3.3.5 Die Winterliche Reise als Friedenstext

Sowohl Lothar Bluhm als auch Svjetlan Lacko Vidulić verweisen darauf, dass Handke betont hat, dass es sich bei seinem Text um einen Friedenstext handelt, der zur Versöhnung zwischen den untereinander verfeindeten Gruppen beitragen soll (vgl. Bluhm 1998: 74; Lacko Vidulić 2007: 1). Wie Vidulić darstellt, kommt diese Intention des Textes dabei insbesondere im Epilog zum Ausdruck (vgl. Lacko Vidulić 2007: 1). In diesem wird auf die Notwendigkeit verwiesen, dass ein Friede nur möglich ist, wenn die Menschen wieder in einen normalen Alltag zurückfinden, der nicht vom allgegenwärtigen Tod überschattet ist: „Nein, der Frieden ging nur so: Laßt die Toten ihre Toten begraben. Laßt die jugoslawischen Toten ihre Toten begraben, und die Lebenden so wieder zurückfinden zu ihren Lebenden.“ (Handke 1996: 128) Damit meint der Ich-Erzähler aber nicht, dass die begangenen Verbrechen verdrängt werden sollen, sondern dass diese Verbrechen nicht die Leben der Hinterbliebenen beherrschen dürfen: „Die bösen Fakten festhalten, schon recht. Für einen Frieden jedoch braucht es noch anderes, was nicht weniger ist als die Fakten.“ (Ebd.: 133) Dieses 'Andere' wird in der Folge 'das Poetische' genannt, worunter ein Erinnern der durch die Ereignisse in Vergessenheit geratenen gemeinsamen Erlebnisse der untereinander fremd und zu Feinden Gewordenen zu verstehen ist: „Oder sag statt 'das Poetische' besser das Verbindende, das Umfassende – den Anstoß zum gemeinsamen Erinnern, als der einzigen Versöhnungsmöglichkeit, für die zweite, die gemeinsame Kindheit.“ (Ebd.) Hier geht es also um die Beschwörung einer verloren gegangenen Zeit der Unschuld, welche noch nicht von politischen Vorstellungen der Vergangenheit und der Gegenwart bestimmt war, wodurch überhaupt erst Konflikte entstehen, sondern in der die Gegenwart noch unmittelbar als solche wahrgenommen wurde. Eine solche nicht 54 durch die Politik bestimmte Wahrnehmung, ein Wahrnehmen der Nebensächlichkeiten, welche die Menschen miteinander verbindet, wird hier als Möglichkeit des Friedens dargestellt: Oder einfach von der, unser aller, Gefangenschaft in dem Geschichte- und Aktualitäten-Gerede ablenken in eine ungleich fruchtbarere Gegenwart: 'Schau, jetzt schneit es. Schau, dort spielen Kinder' (die Kunst der Ablenkung; die Kunst als die wesentliche Ablenkung). (Ebd.: 134)

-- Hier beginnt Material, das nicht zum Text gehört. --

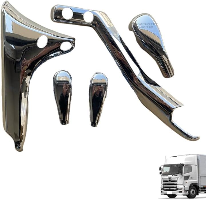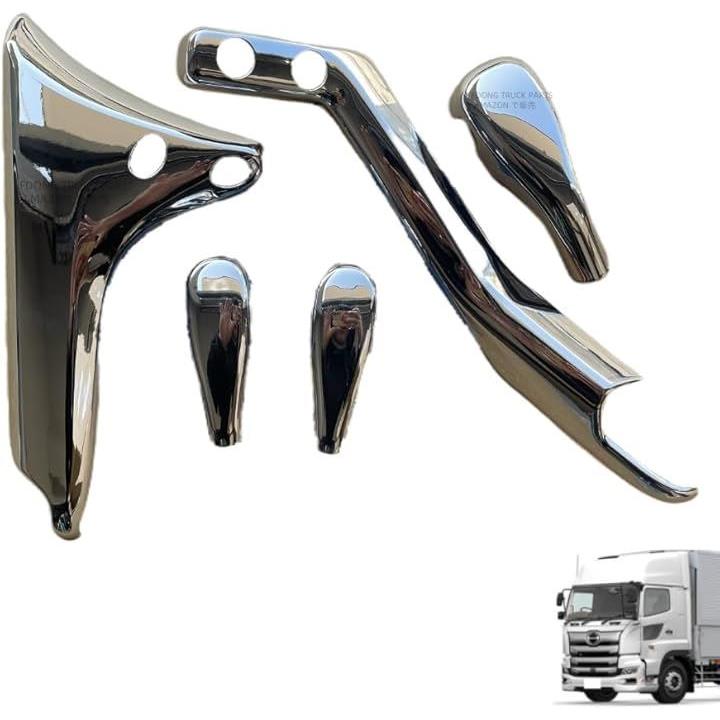 互換品 日野 17プロフィア H29.5~ メッキ ミラーステー カバー 電動リモコンミラー車用 5点セット デコトラ トラックメッキパーツ

Dass diese Botschaft, in der westeuropäischen Rezeption nicht wahrgenommen und der Text vielmehr als konflikteskalierend charakterisiert wurde, hat laut Lothar Bluhm drei Gründe: Den ersten Grund findet Bluhm im Text selbst. So ist die Medienkritik derart polemisch vorgebracht, dass die Reisebeschreibungen ihnen gegenüber in den Hintergrund treten müssen und somit die Lesart nicht mehr zu verändern vermögen. Den zweiten Grund sieht Bluhm im Thema des Textes, welches aufgrund der heftigen Emotionen, die mit diesem verknüpft sind, und des Umstands, dass es in moralische Schemata, wie gut/schlecht, eingebunden ist, für kritische Abwägungen unempfänglich ist. Verstärkend wirkt hierbei noch der Systemtransfer der Literatur in die Politik, durch welchen das literarische Werk nach politischen Maßstäben beurteilt wird und daher eine literarische Intervention von vornherein zum Scheitern verurteilt ist. Den dritten Grund sieht Bluhm schließlich in Handkes Poetik, welche zu komplex und spekulativ ist, um im politischen Bereich richtig verstanden zu werden (vgl. Bluhm 1998: 85f.). Wie wurde Handkes Winterliche Reise nun aber im deutschsprachigen Raum rezipiert? Welche Vorwürfe wurden dem Autor gemacht?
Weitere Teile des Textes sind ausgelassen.